Designing and building real environmental decision support systems

The complexity of environmental problems makes necessary the development and application of new tools capable of processing not only numerical aspects, but also experience from experts and wide public participation, which are all needed in decision-making processes. Environmental decision support systems (EDSSs) are among the most promising approaches to confront this complexity. The fact that different tools (artificial intelligence techniques, statistical/numerical methods, geographical information systems, and environmental ontologies) can be integrated under different architectures confers EDSSs the ability to confront complex problems, and the capability to support learning and decision-making processes. In this paper, we present our experience, obtained over the last 10 years, in designing and building two real EDSSs, one for wastewater plant supervision, and one for the selection of wastewater treatment systems for communities with less than 2000 inhabitants.

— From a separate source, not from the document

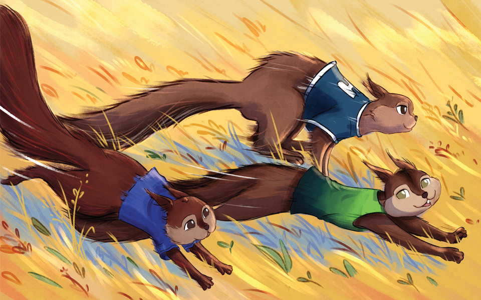 Lander Squirrel lives in the large maple tree in Professor Stratton's backyard with his family, including his brother Liam and cousin Vinny. Together, the three of them are known as the Three Scampering Squirrels. Lander is the fastest runner of the group, and today is the day of a big race! Lander wants to win the Acorn Run more than anything he's ever wanted in his life.

The flow diagram followed to build the EDSS is presented for each of the systems, together with a discussion of the tasks involved in each step (problem analysis, data collection and knowledge acquisition, model selection, model implementation, and EDSS validation). In addition, the architecture used is presented, showing how the five levels on which it is based (data gathering, diagnosis, decision support, plans, and actions) have been implemented. Finally, we present our opinion on the research issues that need to be addressed in order to improve the ability of EDSSs to cope with complexity in environmental problems (integration of data and knowledge, improvement of knowledge acquisition methods, new protocols to share and reuse knowledge, development of benchmarks, involvement of end-users), thus increasing our understanding of the environment and contributing to the sustainable development of society.